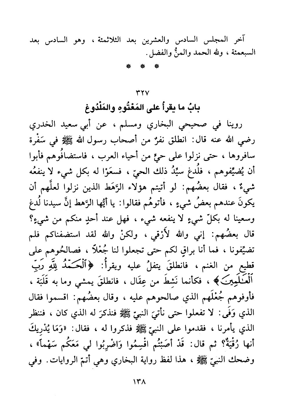 روينا في صحيحي البخاري ومسلم، عن أبي سعيد الخدري رضي الله عنه قال: انطلق نفرٌ من أصحاب رسول الله صلى الله عليه وسلم في سفرة سافروها، حتى نزلوا على حي من أحياء العرب، فاستضافوهم فأبوا أن يضيفوهم، فلدغ سيد ذلك الحي، فسعوا له بكل شيء لا ينفعه شيءٌ، فقال بضعهم: لو أتيتم هؤلاء الرهط الذين نزلوا لعلهم أن يكون عندهم بعض شيءٍ، فأتوهم فقالوا: يا أيها الرهط إن سيدنا لدغ وسعينا له بكل شيءٍ لا ينفعه شيء، فهل عند أحدٍ منكم من شيءٍ؟ قال بعضهم: إني والله لأرقي، ولكن والله لقد استضفناكم فلم تضيفونا، فما أنا براقٍ لكم حتى تجعلوا لنا جعلاً، فصالحوهم على قطيعٍ من الغنم، فانطلق يتفل عليه ويقرأ: {الحمد لله رب العالمين}، فكأنما نشط من عقال، فانطلق يمشي وما به قلبة، فأوفوهم جعلهم الذي صالحوهم عليه، وقال بعضهم: اقسموا فقال الذي وفى: لا تفعلوا حتى نأتي النبي صلى الله عليه وسلم فنذكر له الذي كان، فننظر الذي يأمرنا، فقدموا على النبي صلى الله عليه وسلم فذكروا له، فقال: ((وما يدريك أنها رقيةٌ؟ ثم قال: قد أصبتم اقسموا واضربوا لي معكم سهماً))، وضحك النبي صلى الله عليه وسلم، هذا لفظ رواية البخاري وهي أتم الروايات. وفي
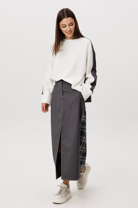 Свободный и стильный костюм для повседневного образа. Невероятный комбинированный свитшот, в котором полочка и часть рукава из мягкого вискозного трикотажа, а спинка из однотонного текстильного полотна. Силуэт-свободный, покрой-рубашечный, круглая горловина с обтачкой, спинка с отрезной кокеткой и мягкими складками. По боковым швам-разрезы.
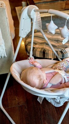 [This review was collected as part of a promotion.] I received this swing to try as part of the Stellar Product Testing Panel. Overall I am so happy with it! As a mom of three who lives in a small home, the size, portability and ability to quickly fold this swing have made it my favorite swing I have ever used. Floor space is hard to come by in our home, so I had planned to skip a swing for this baby until I received this one. I am so happy I did! My baby is very comfortable in his swing and it has been great to have a portable space to put him down off of the floor. The assembly was very simple and it is easy to operate. I have really enjoyed being able to quickly and easily move this swing room to room as I follow my other kids around, or even fit it easily in the back of the car to go to grandparents’ or friends’ houses. Compared to other swings, I would say this one has less bells and whistles (no sound, can’t change direction of the swinging etc) but I don’t think those things are always necessary and for me the portability outweighs those benefits. I will note that my baby is on the smaller side, and he fits perfectly in the seat but a friend with a larger baby used it at our house and he did not fit in the straps as well. I would definitely recommend this swing to others who are looking for something that they can bring anywhere and is super functional. It would also be amazing to keep at a grandparent’s or babysitter’s house since it stores so easily. I am so glad I received it!
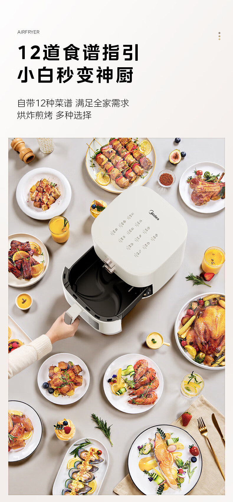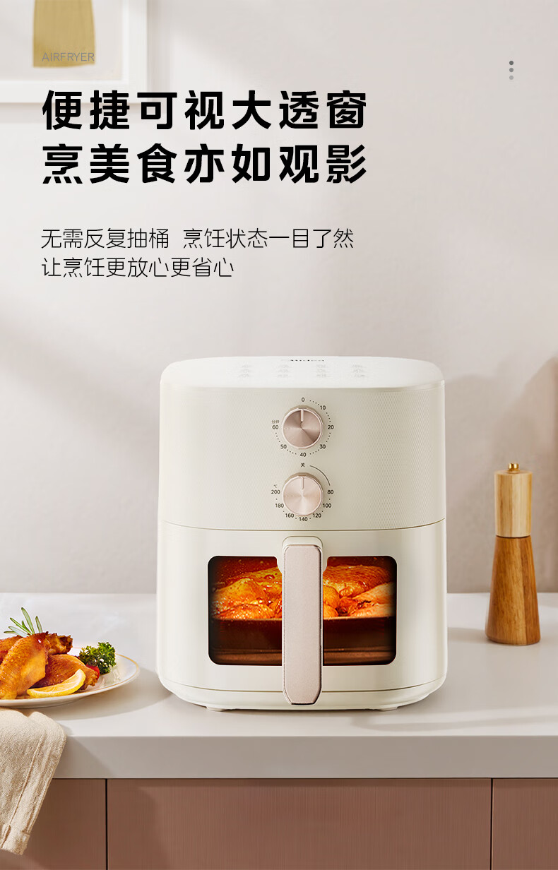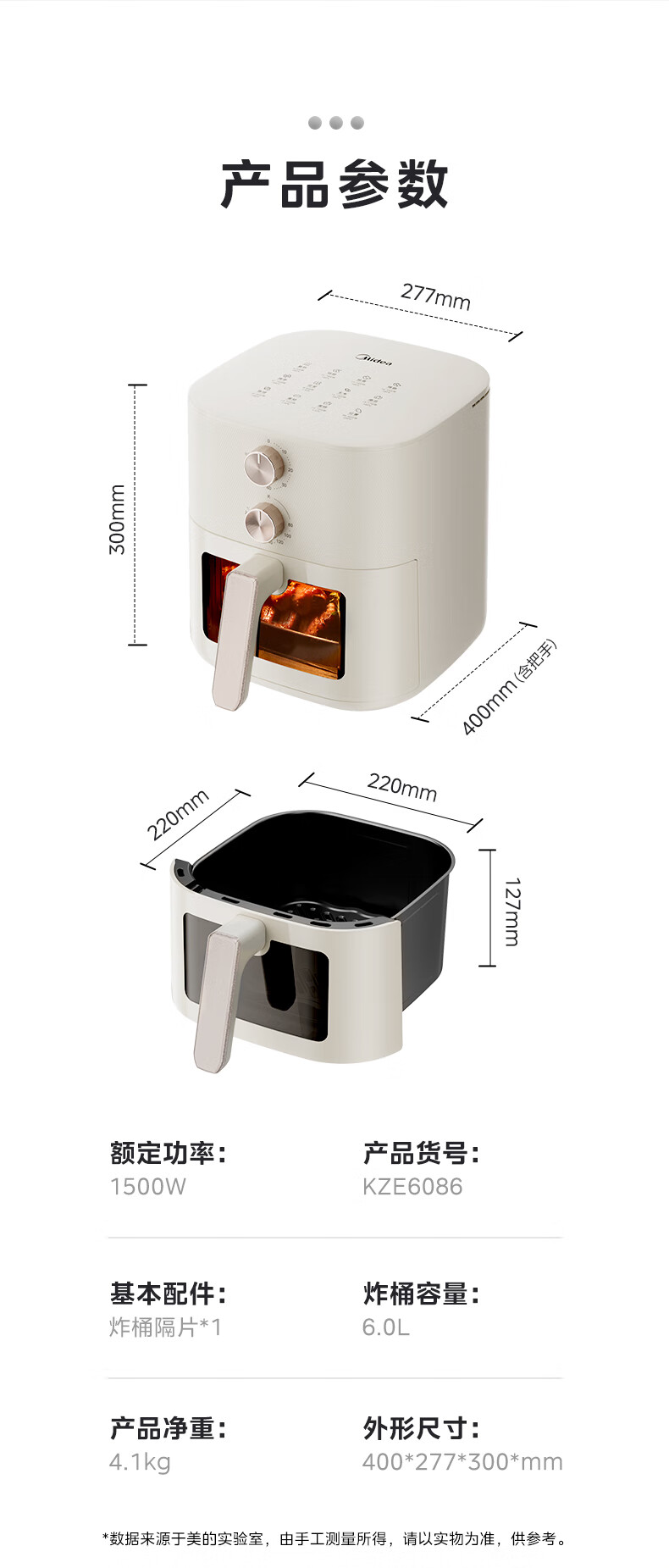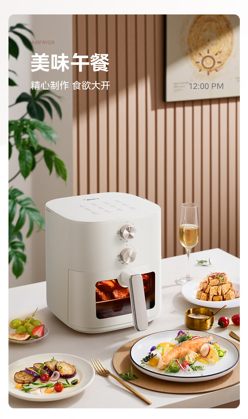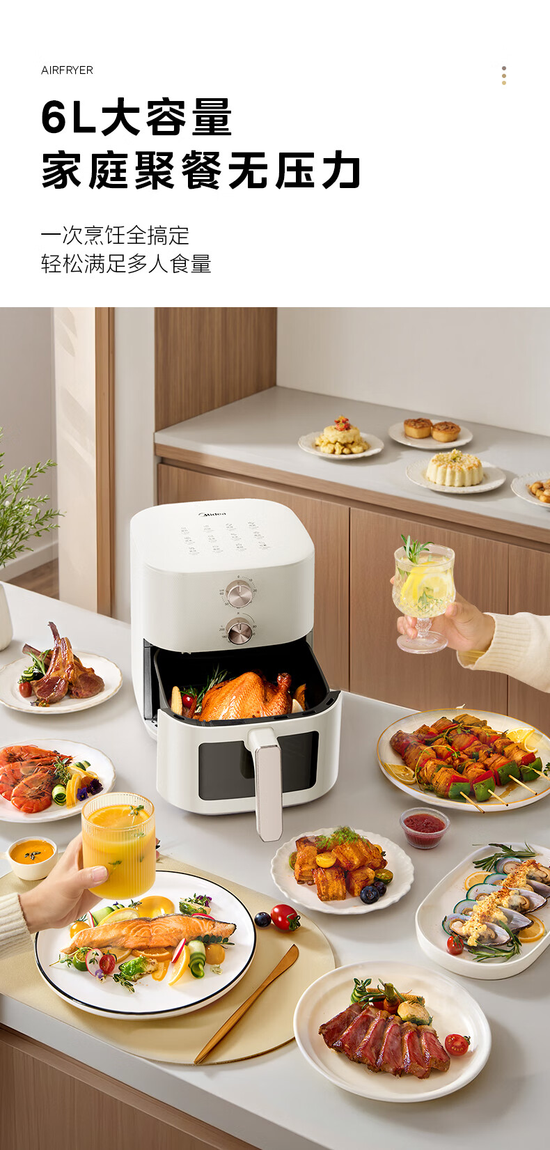 美的(Midea)空气炸锅免翻面 2025年新款可视大视窗经典旋钮 实用大容量家用小家电6L 2.0金属内腔KZE6086

━━━━━━━━━━━━━━━━━━━━

Exactly as written, please give again the lines from the beginning of the listing through the line containing "Свободный и стильный", inclusive, without any pictures.

 روينا في صحيحي البخاري ومسلم، عن أبي سعيد الخدري رضي الله عنه قال: انطلق نفرٌ من أصحاب رسول الله صلى الله عليه وسلم في سفرة سافروها، حتى نزلوا على حي من أحياء العرب، فاستضافوهم فأبوا أن يضيفوهم، فلدغ سيد ذلك الحي، فسعوا له بكل شيء لا ينفعه شيءٌ، فقال بضعهم: لو أتيتم هؤلاء الرهط الذين نزلوا لعلهم أن يكون عندهم بعض شيءٍ، فأتوهم فقالوا: يا أيها الرهط إن سيدنا لدغ وسعينا له بكل شيءٍ لا ينفعه شيء، فهل عند أحدٍ منكم من شيءٍ؟ قال بعضهم: إني والله لأرقي، ولكن والله لقد استضفناكم فلم تضيفونا، فما أنا براقٍ لكم حتى تجعلوا لنا جعلاً، فصالحوهم على قطيعٍ من الغنم، فانطلق يتفل عليه ويقرأ: {الحمد لله رب العالمين}، فكأنما نشط من عقال، فانطلق يمشي وما به قلبة، فأوفوهم جعلهم الذي صالحوهم عليه، وقال بعضهم: اقسموا فقال الذي وفى: لا تفعلوا حتى نأتي النبي صلى الله عليه وسلم فنذكر له الذي كان، فننظر الذي يأمرنا، فقدموا على النبي صلى الله عليه وسلم فذكروا له، فقال: ((وما يدريك أنها رقيةٌ؟ ثم قال: قد أصبتم اقسموا واضربوا لي معكم سهماً))، وضحك النبي صلى الله عليه وسلم، هذا لفظ رواية البخاري وهي أتم الروايات. وفي
 Свободный и стильный костюм для повседневного образа. Невероятный комбинированный свитшот, в котором полочка и часть рукава из мягкого вискозного трикотажа, а спинка из однотонного текстильного полотна. Силуэт-свободный, покрой-рубашечный, круглая горловина с обтачкой, спинка с отрезной кокеткой и мягкими складками. По боковым швам-разрезы.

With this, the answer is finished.